The most significant objective difference between shacking up and legal marriage is that the higher earning spouse isn't (usually) compelled by government force to give away his earnings, including long after the relationship has ended. I say shacking up is NOT a good deal for men. It just looks that way because marriage is such a bad deal for men that shacking up looks great in comparison.

Dr. Laura is buying into a direction of causality here that might not exist, at least not significantly. She wants children raised in intact homes, she sees that marriages are more likely to last than shackups, and so she wants people to marry and not shack up. (She still is against childfree shacking up, though.)  But we don't really have any proof that the kind of people who shack up would be better parents and stay together to raise their kids if they had married instead of shacking up or without having first shacked up. I also suspect there's religious morality creeping in to Dr. Laura's position, but she can't say that because she maintains that her program is a secular one.

This entire essay she gave was based on self-reporting of perceptions, if the people participating were actually telling the truth. We can be sure at least some of these people are deluded. Dr. Laura is all about reality, usually. It's why she says you can't have a relationship (of any sort) with a drunk: since a drunk avoids reality by drinking, you can't have a relationship with them. Well, some people are married to people who avoid reality with these delusions. So they're marriages must not be real marriages.

None of what was said gave any hard evidence for the quality of marriages, only what spouses perceived. For example, it is entirely possible that one spouse thinks the marriage is great and the other thinks it is miserable. By default, that means the marriage is of low quality. Yet one of the spouses reported that it was good.

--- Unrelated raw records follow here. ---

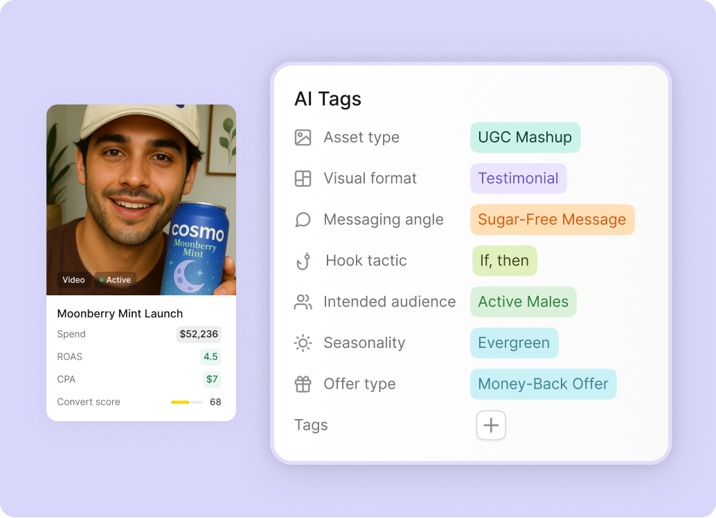 These tags appear directly in your reports, dashboards, and alongside each creative — no manual labelling required.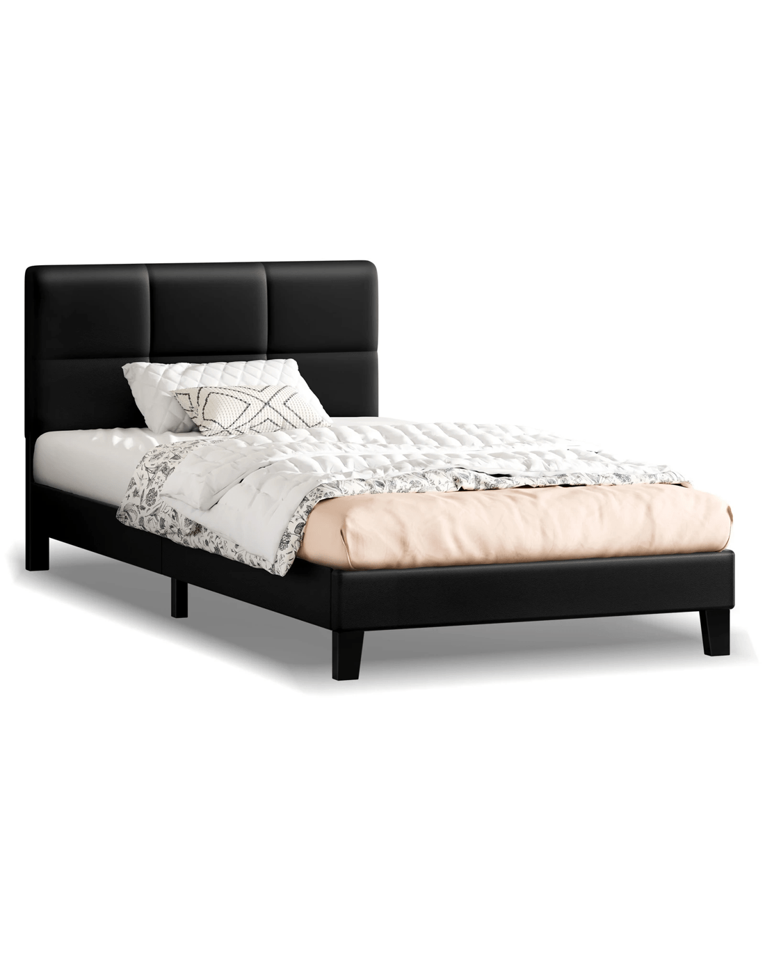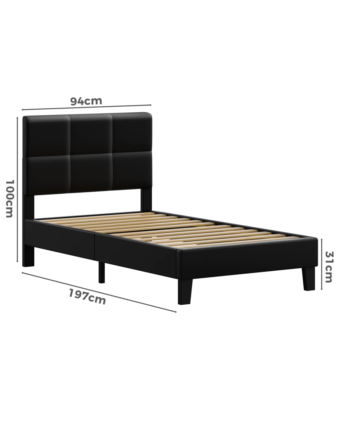 Sold by Aussie Union GroupAlfordson Bed Frame Single Size Wooden Slats Platform Leather Paula - Black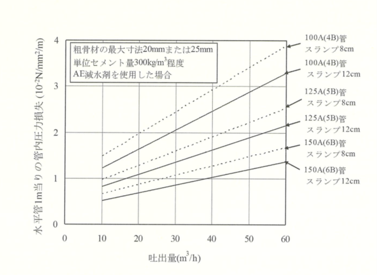 → スランプが小さい・管径が細い・吐出量が多いほど、圧力損失は大きくなる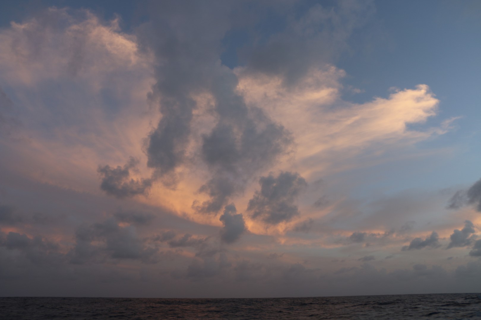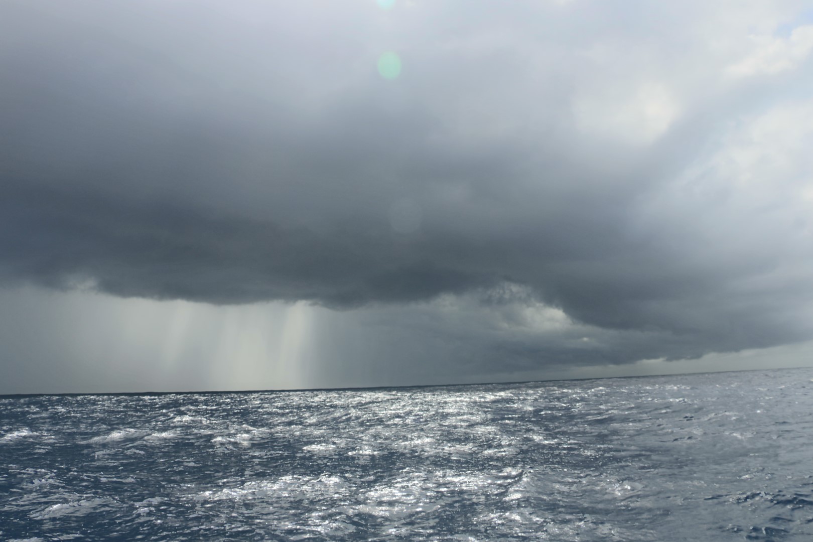 Gestern den ganzen Tag und die Nacht davor mussten wir häufig Regenwolken ausweichen. Aus Angst vor plötzlich hereinbrechenden Böen. Beim Parasailor ist das halt so ein Ding, da man den eben nicht so schnell runter hat wie die Fock. Um die Regenwolken zu checken, habe ich dann nachts alle 20 Minuten das Radar eingeschaltet um Ausschau zu halten.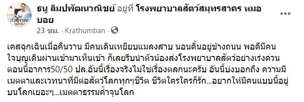 เมื่อวันที่ 25 พ.ค. ที่ผ่านมา โลกออนไลน์ได้แชร์เรื่องราวการช่วยชีวิตของเจ้าปีเตอร์หรือแมลงสาบที่ประสบอุบัติเหตุโดนรถเหยียบข้างถนนผ่านทางเฟซบุ๊กส่วนตัวของหมอบอย หรือ นายสัตวแพทย์ธนู ลิมปพัฒนวณิชย์ โดยหมอบอยได้ระบุข้อความเอาไว้ว่า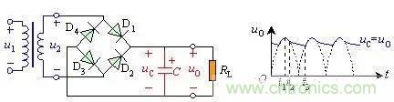 圖5帶載時橋式整流濾波電路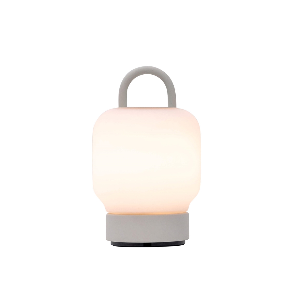 Die Tischlampe Loome ist eine wiederaufladbare Laterne mit einem eleganten Tragegriff, der es einfach macht, sie mitzunehmen. Die stilvolle Batterielampe kann auf dem Tisch, im Regal oder auf der Fensterbank platziert werden und bietet ein gemütliches, dimmbares Licht, sodass Sie die Helligkeit selbst bestimmen können. Sie kann auch draußen verwendet werden, wenn sie nach Gebrauch wieder hereingeholt wird. Die Batterielampe kann mit der mitgelieferten USB-Ladestation in vier Stunden zu 100 Prozent aufgeladen werden. Voll aufgeladen kann sie 11 Stunden bei voller Leistung, 20 Stunden bei halber Leistung oder 32 Stunden bei 20 Prozent leuchten.

Once again, I will state explicitly that I do not advocate shacking up. I never did it even when I was invited to. In general, shacking up is a bad idea. I encourage men to stay free. I do agree with Dr. Laura that it is bad for children if their parents have an unstable relationship and break up their family. But no man should think legally marrying will be some sort of magic wand for any children he has or wants to have. He can be a good husband and a good father without signing a terrible state contract. And that contract will not keep a woman around and can't make her be a good mother.